Edmonton’s Opera Nuova (www.operanuova.ca) celebrates its 15th anniversary this year. Over the past several years, the acclaimed opera boot camp has transformed itself into a six-week feast of art song, Broadway and classical opera. This season recruits from all over Canada and abroad are performing Dialogue of the Carmelites, Don Giovani, The Elixir of Love and Fiddler on the Roof.

And in Vancouver, from May 30 to June 26, Vancouver International Song Institute’s Songfire Festival offers an immersion into the world of the art song through master classes, lectures and performances. www.songinstitute.ca

Calgary Opera is dipping into the summer festival spirit with its inaugural Opera in the Village (www.calgaryopera.com/arghh), set in Calgary’s East Village. After a season of Verdi, Verdi, and Verdi to celebrate that composer’s 200th birthday, the innovative company is mounting a G & S romp on the high seas with The Pirates of Penzance Aug. 22-25. And down the road from Calgary in the Canadian Rockies, ten string quartets will compete in the 11th Banff International String Quartet Competition (www.banffcentre.ca/bisqc) Aug. 26 to Sept. 1. Winning this prestigious competition has launched the careers of several well-known ensembles, including the St. Lawrence String Quartet.

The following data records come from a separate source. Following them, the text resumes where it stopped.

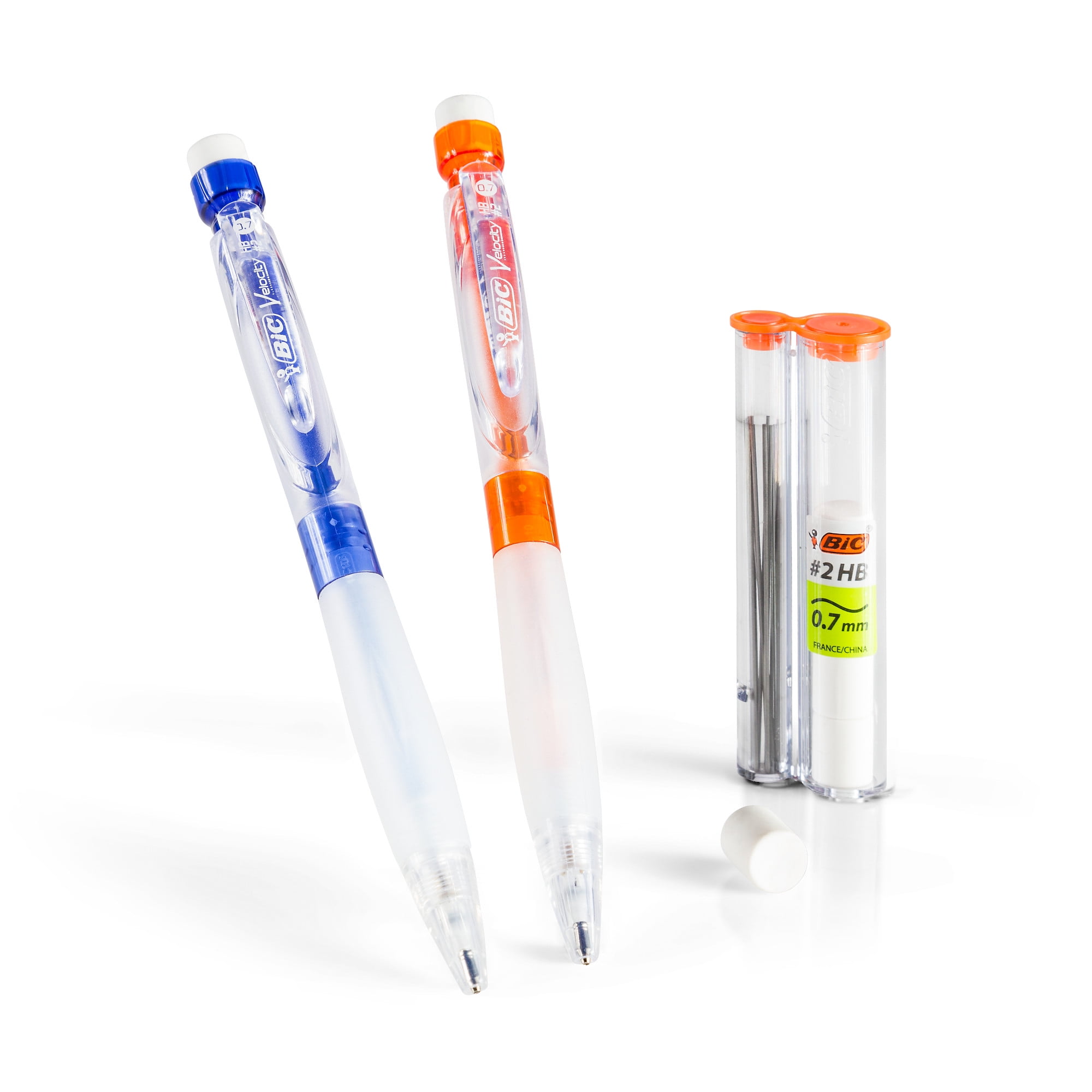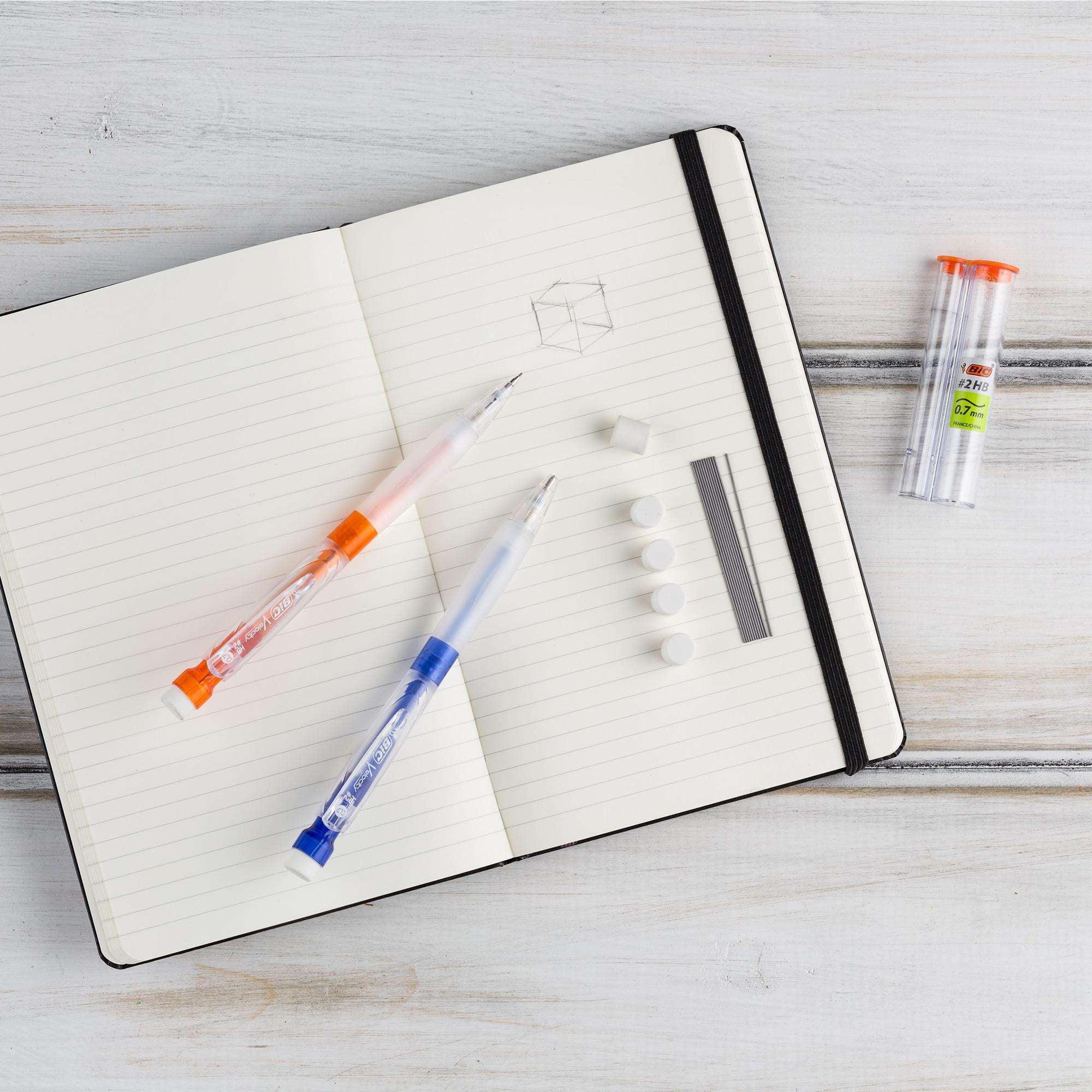 Write comfortably and smoothly with BIC Velocity Max Mechanical Pencils. Featuring a large eraser, these versatile pencils offer extra erasing power to help you keep your tests, notes, and compositions tidy. They come with strong, smooth #2 lead that creates strikingly dark marks and feature a large round barrel that can hold up to 12 pieces of lead. And thanks to their soft gel grip, these pencils help ensure comfort during sustained writing sessions.
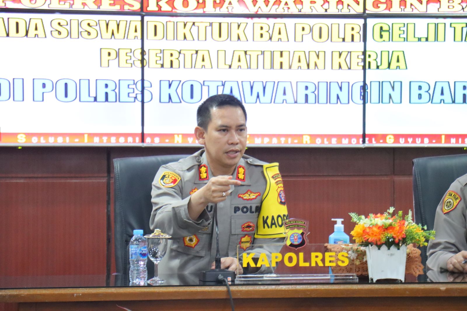 Kapolres Kotawaringin Barat AKBP BAYU WICAKSONO, S.H., S.I.K., M.Si., dalam arahannya mengucapkan terima kasih sebesar-besarnya kepada supervisor dan mentor yang telah meluangkan waktunya memberikan arahan dan pengalamannya kepada Siswa Diktuk Ba SPN Polda Kalteng. Bimbing para Siswa dengan baik karena kedepannya mereka adalah aset masa depan Polri.
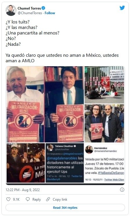 Luego de que el Presidente Andrés Manuel López Obrador anunciara el pasado 8 de agosto que emitirá un acuerdo presidencial para que la Guardia Nacional (GN) pase "completa" a la Secretaría de la Defensa Nacional (Sedena), y ya no a la Secretaría de Seguridad y Protección Ciudadana (SSPC), el comediante Chumel Torres criticó al Mandatario pues, dijo, "ustedes no aman a México, ustedes aman a AMLO".A través de Twitter, el creador de contenido recordó cuando los simpatizantes de la 4T estaban en contra de la militarización."¿Y los tuits? ¿Y las marchas? ¿Una pancartita al menos? ¿No? ¿Nada? Ya quedó claro que ustedes no aman a México, ustedes aman a AMLO", escribió el youtuber, acompañado de imágenes de figuras de la 4T estando en hechos pasados en contra de la militarización.En conferencia de prensa mañanera del pasado lunes, López Obrador adelantó que habrá una reestructuración por completo de la SSPC y ahora pase a ser la "Secretaría de Seguridad Pública y Justicia"."Les adelanto que ya por acuerdo de la Presidencia, pasa la seguridad que tiene que ver con la Guardia Nacional, completa, ya pasa a la Secretaría de la Defensa, ya la cuestión operativa está a cargo de la Secretaría de la Defensa".López Obrador manifestó que esta medida es para evitar que la Guardia Nacional se "eche a perder" como, asegura, pasó con la extinta Policía Federal (PF).JM
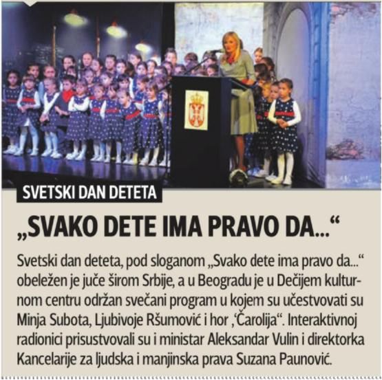 БЛИЦ – “Свако дете има право на…” – 21/11/2016 Posted on 21/11/201621/11/2016 БЛИЦ – “Свако дете има право да…” – 21/11/2016 Posted in Press Clipping and tagged dkcb, ДКЦБ.

In late June, the Edmonton Chamber Music Society continues to celebrate Edmonton’s rich contribution to the talent pool of classical music with the 6th Summer Solstice Festival June 21-23 (www.edmontonchambermusic.org). The festival brings home esteemed Edmonton-area players such as Andrew Wan  ,co-concertmaster of the OSM, Juliet Kang, first associate concertmaster with the Philadelphia Symphony, and cellist Marina Hoover, a founding member of the St. Lawrence String Quartet. Clarinetist James Campbell, a son of Leduc, is also part of the musical mix this year, which is always broad and deep.

One of the highlights of the Vancouver Early Music Festival (www.earlymusic.bc.ca) July 28 to Aug. 10 should be a performance of Handel’s Israel in Egypt at the Chan Centre on Aug. 7. The soloists are Suzie LeBlanc, Shannon Mercer, Reginald L. Mobley, Laura Pudwell, Colin Balzer and Charles Daniels.

And Aug. 9-24, the Orca Island Chamber Music Festival (oicmf.org) brings together an array of musicians that includes the concertmasters of Cleveland Orchestra, the Los Angeles Philharmonic and the Los Angeles Chamber Orchestra for a diverse serious classical music experience. The festival director is pianist Jon Kimura Parker, piano, one of Vancouver’s finest musical exports.

The lineup at the Pender Harbour Chamber Music Festival (penderharbourmusic.ca/chamber-music), Aug. 15-18, features an outstanding group of adventurous musicians, including Lara St. John and Rachel Mercer.

The Hornby Festival (www.hornbyfestival.bc.ca), Aug. 1-10 has invited Anton Kuerti to play Beethoven’s first piano sonata on Aug. 8. and Marie-Josee Lord sings Villa-Lobos’s Bachianas brasileiras No. 5 on Aug. 7. The climax of the festival is a performance of Bach’s cello suites by Colin Carr.